The Ontario Securities Commission (OSC) is reiterating its pledge to address several critical policy issues for retail investors in the year ahead in its final statement of priorities, published on Thursday.
The statement of priorities set out the regulator’s agenda for its current fiscal year (which ends March 31, 2018) and includes a commitment to introduce a best interest standard for financial advisors alongside regulators in New Brunswick as well as support the series of “targeted reforms” that other regulators are promising.
On the issue of embedded commissions, the regulator notes that the “current embedded fee model is not well understood by investors” and that it gives rise to conflicts that could harm investors. Yet, it stops short of promising to ban these structures.
“The OSC remains committed to achieving an evidence-based resolution to the use of embedded compensation structures,” the statement of priorities says. “Following further dialogue with stakeholders the OSC will develop and present policy options and recommendations to the commission and [Canadian Securities Administrators] chairs later this year.”
The OSC also reports that it has received “strong support” for the idea of strengthening the powers of the Ombudsman for Banking Services and Investments (OBSI). The latest independent review of OBSI recommends that it be given the power to impose binding decisions.
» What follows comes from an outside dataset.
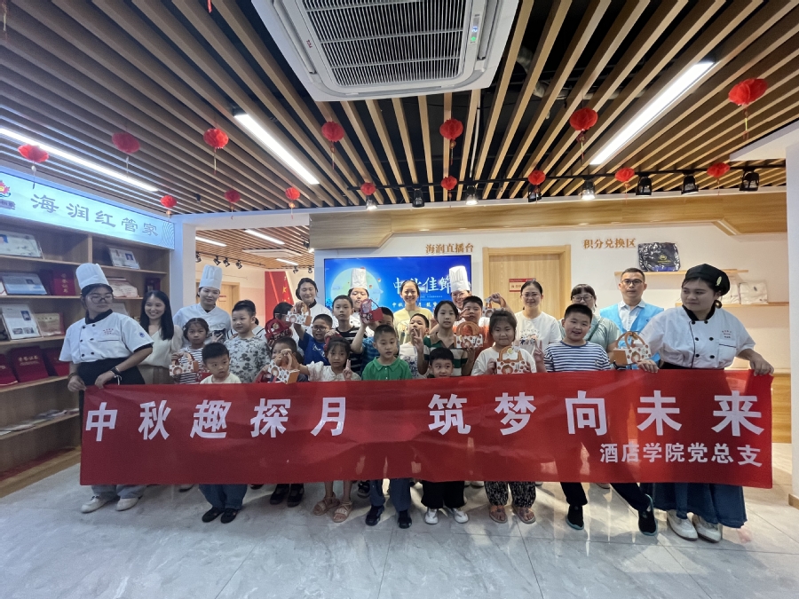9月15日下午,在中秋节来临之际,酒店学院鼎红服务志愿队与鼎红工坊社团的师生们前往港口社区,开展“中秋趣探月 筑梦向未来”主题活动,与社区居民一起探寻中秋文化、探秘嫦娥工程、探索月饼制作,近二十个家庭参加了此次活动。

In its priorities, the OSC says that, in the year ahead, it will analyze those recommendations, along with other input, in determining a response.
In addition, the provincial government has decided to give the OSC oversight of syndicated mortgages since the OSC published its draft priorities in March, so this has been added as a new priority for the regulator.
Its other new priorities for the coming year also include improving the collection of monetary sanctions; accommodating the growth of fintech; and reducing the regulatory burden.
For the current fiscal year, the OSC is budgeting for a deficit of $1.9 million as expense growth is expected to outstrip revenue. Indeed, it’s forecasting that revenue will decline by 3.5% from last year and that expenses will grow by 8.5%. The projected deficit would reduce the OSC’s surplus to $38.7 million by March 2018.
“Fee rates will be reviewed in fiscal 2018 and the existing surplus will be taken into account in determining new rates,” the OSC notes.